Towards Automated Movie Trailer Generation
Dawit Mureja Argaw, Mattia Soldan, Alejandro Pardo, Chen Zhao, Fabian Caba Heilbron, Joon Son Chung, Bernard Ghanem
TL;DR
This work introduces Trailer Generation Transformer (TGT), an autoregressive encoder-decoder framework that translates full movies into plausible trailers by modeling shot sequences with a trailerness-aware encoder and a context-aware Transformer decoder. By training on paired movie-trailer data and employing reconstruction, trailerness, and KL-divergence losses, TGT learns both which shots to include and how to order them, achieving non-chronological, narrative-driven trailers. The authors construct two ATG benchmarks on MAD and MovieNet, showing that TGT outperforms prior trailer-generation and video-summarization methods across multiple metrics, including F1, LD, and SLD, and demonstrate benefits of text-conditioned generation and shot-selection analysis.
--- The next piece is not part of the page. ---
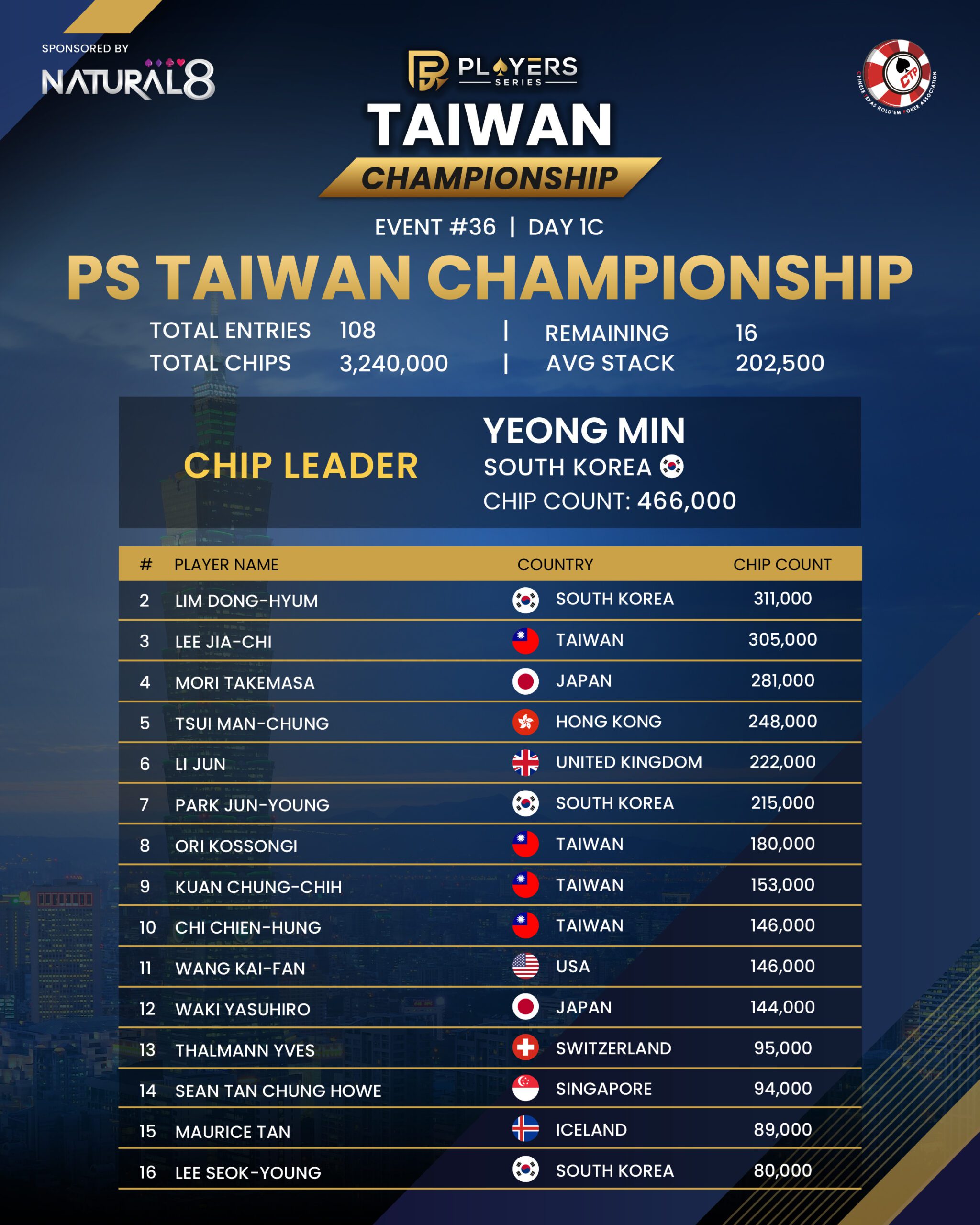 Leading the charge is 🇰🇷 Yeong Min, who closes the day with a commanding 466,000-chip stack, setting the pace among the Flight C qualifiers.

The work highlights practical implications for automating initial trailer assembly while preserving editorial flexibility, and proposes future extensions to incorporate dialogue and audio modeling for even more realistic trailers.
Abstract
Movie trailers are an essential tool for promoting films and attracting audiences. However, the process of creating trailers can be time-consuming and expensive. To streamline this process, we propose an automatic trailer generation framework that generates plausible trailers from a full movie by automating shot selection and composition. Our approach draws inspiration from machine translation techniques and models the movies and trailers as sequences of shots, thus formulating the trailer generation problem as a sequence-to-sequence task. We introduce Trailer Generation Transformer (TGT), a deep-learning framework utilizing an encoder-decoder architecture. TGT movie encoder is tasked with contextualizing each movie shot representation via self-attention, while the autoregressive trailer decoder predicts the feature representation of the next trailer shot, accounting for the relevance of shots' temporal order in trailers. Our TGT significantly outperforms previous methods on a comprehensive suite of metrics.